Dans la mesure où le cinéma peut être englobant et traiter tous les sujets, on peut se poser une première question simple : quelle est la place de la psychanalyse au cinéma. En d'autres termes, on peut d'abord envisager la psychanalyse en tant que thème, au même titre que toute autre thématique. De la même manière qu'un film peut traiter de l'amour ou du pouvoir, il pourrait également mettre ces thèmes en perspective en traitant également de psychanalyse, comme Sans queue ni tête de Jeanne Labrune, pour prendre l'exemple le plus récent. Cette relation semble pourtant manquer d'intérêt si l'on se contente d'envisager la psychanalyse comme simple « sujet de film ». C'est à partir du moment où on l'envisage comme pensée qu'il devient intéressant d'en mesurer les implications. L'exemple le plus célèbre est sans aucun doute celui d'Alfred Hitchcock, dont les films, pour la plupart, s'inscrivent dans des registres psychanalytiques évidents et assumés (l'Œdipe, le désir, la loi, la castration symbolique, etc.)

fenetrecour

Un des exemples hitchcockiens les plus significatifs dans l'étude de cette relation entre psychanalyse et cinéma est probablement celui de Fenêtre sur cour (1955), qui raconte l'histoire de Jeff, un photographe qui s'est cassé une jambe et qui est obligé de rester assis dans son appartement.

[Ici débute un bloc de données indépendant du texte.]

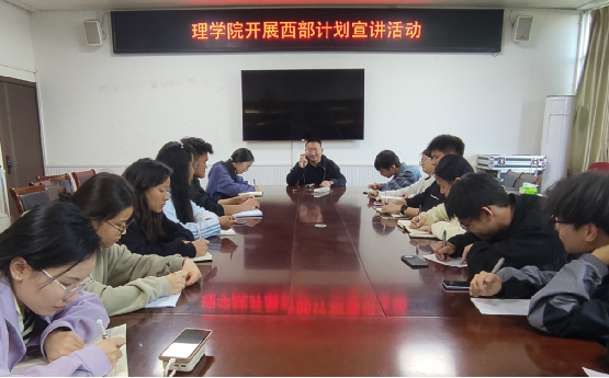 为深入贯彻落实国家关于鼓励高校毕业生服务西部的决策部署,引导青年学子厚植家国情怀、勇担时代使命,理学院于3月26日在N5311召开西部计划专题宣讲会,主讲人为理学院分团委书记余力,理学院毕业年级学生干部参加会议。

Il passe alors ses journées à regarder ses voisins par la fenêtre, et lorsque ce passe-temps devient une obsession (il pense avoir découvert un meurtre), il se met également à utiliser son téléobjectif pour mieux les observer. Son statut d'observateur lointain cloué dans son siège, devenu voyeur symboliquement castré (sa jambe cassée le rend physiquement et symboliquement impuissant) est très comparable au statut du spectateur, également retenu dans son siège, face à des images. Le dispositif scénographique de Fenêtre sur cour partage donc avec le dispositif cinématographique cette même réflexion sur le spectateur, c'est-à-dire sur le cinéma comme fenêtre sur le désir et le fantasme, et sur la psychanalyse comme dispositif d'images.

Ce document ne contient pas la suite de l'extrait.